Cadet talking to Grandmother

Barbarous Technicalities of Lawn-Tennis.

Woolwich Cadet (suddenly, to his poor grandmother, who has had army on the brain ever since he passed his exam.). "The service is awfully severe, by Jove! Look at Colonel Pendragon—he invariably shoots or hangs!" His Poor Grandmother. "Good Heavens, Algy! I hope you won't be in his regiment!"


Lady talking to large relative.

COMFORTING

Proud Mother. "Did you ever see anybody so light and slender as dear Algernon, Jack?"

Uncle Jack (at thirty-five). "Oh, you mustn't trouble about that, Maria. I was exactly his build at eighteen!"


Gardener passing game of tennis.

"Donkeys have Ears."

Emily (playing at lawn-tennis with the new curate). "What's the game, now, Mr. Miniver?" Curate. "Forty—Love." Irreverent Gardener (overhearing). "Did y'ever hear such imperence! 'Love,' indeed! And him not been in the parish above a week! Just like them parsons!"

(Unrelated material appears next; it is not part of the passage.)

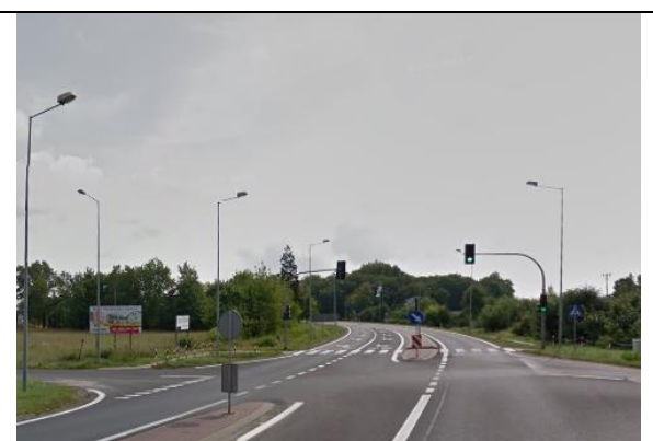
Zdj. 5 Widok na skrzyżowanie drogi wojewódzkiej nr 258 oraz drogi krajowej nr 10 w Obrowie

Tennis played over a tall hedge.

LAWN-TENNIS UNDER DIFFICULTIES—"PLAY!"

If space is limited, there is no reason why one shouldn't play with one's next-door neighbours, over the garden wall. (One needn't visit them, you know!)


Large man talking to lady on bench.

Stout Gentleman (whose play had been conspicuously bad). "I'm such a wretched feeder, you see, Mrs. Klipper—a wretched feeder! Always was!"

Mrs. Klipper (who doesn't understand lawn-tennis). "Indeed! Well, I should never have thought it!"


Couple discussing another couple.

She. "What a fine looking man Mr. O'Brien is!"

He. "H'm—hah—rather rough-hewn, I think. Can't say I admire that loud-laughing, strong-voiced, robust kind of man. Now that's a fine-looking woman he's talking to!"

She. "Well—er—somewhat effeminate, you know. Confess I don't admire effeminate women!"